Bezirk Bildungsprojekte und Initiativen in Reinickendorf können im Rahmen des Bundesprogramms „Demokratie leben! Aktiv gegen Rechtsextremismus, Gewalt und Menschenfeindlichkeit“ Anträge auf Förderung stellen. Gefördert werden Projekte und Workshops, die der positiven Entwicklung der Willkommenskultur dienen. Weitere Infos erteilt die Albatros gGmbH, Auguste-Viktoria-Allee 17, R.Palm@albatrosggmbh.de

VMehr berlinpass-Anspruchsberechtigte

Bezirk – Bezirk – Seit Februar können auch Empfänger von Wohngeld sowie Bürger, die eine DDR-Opferrente erhalten, den berlinpass beantragen.
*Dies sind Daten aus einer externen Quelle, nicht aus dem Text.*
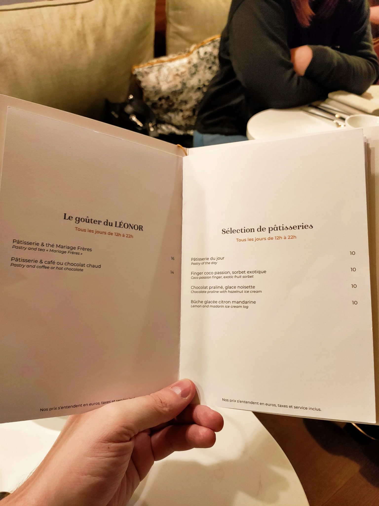 On peut manger en continu (carte « Anytime » servie de 12h à 22h) à l’hôtel Léonor : En cuisine, Nicolas Stamm et Serge Schaal (duo doublement étoilé à la Fourchette des Ducs à Obernai) vous proposent un concept chic et décontracté sur le pouce ou à la carte. Sans oublier la part belle faite à la pâtisserie avec la présence du chef pâtissier Matthieu Bray (qui a travaillé au Crocodile, Villa Lalique) qui veut réinventer le « tea time » en vous proposant des accords thés (Mariage Frères) – pâtisseries des plus surprenants ! A noter que les pâtisseries sont aussi disponibles en vente à emporter.
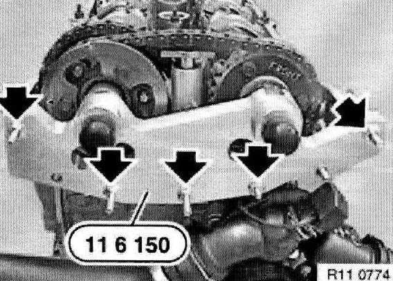 ^ The special tool 11 6 150 may only be attached "without the gasket".

Neben dem Sozialticket können sie zahlreiche Vergünstigungen nutzen. Die Ausgabestelle für den Berlinpass befindet sich im Bürgeramt, Teichstraße 65, Haus 1.

SPD-Klausurtagung

Bezirk – Bezirk – Die SPD-Fraktion in der BVV-Reinickendorf hat ein Arbeitsprogramm für 2018 erarbeitet. Themenkomplexe sind u.a. Verkehrspolitik, Jugendpolitik, Stadtentwicklung (vor allem in Reinickendorf-Ost und im MV) und die Sozialstruktur für die Siedlungen in den Rollbergen, im Märkischen Viertel und in Tegel-Süd.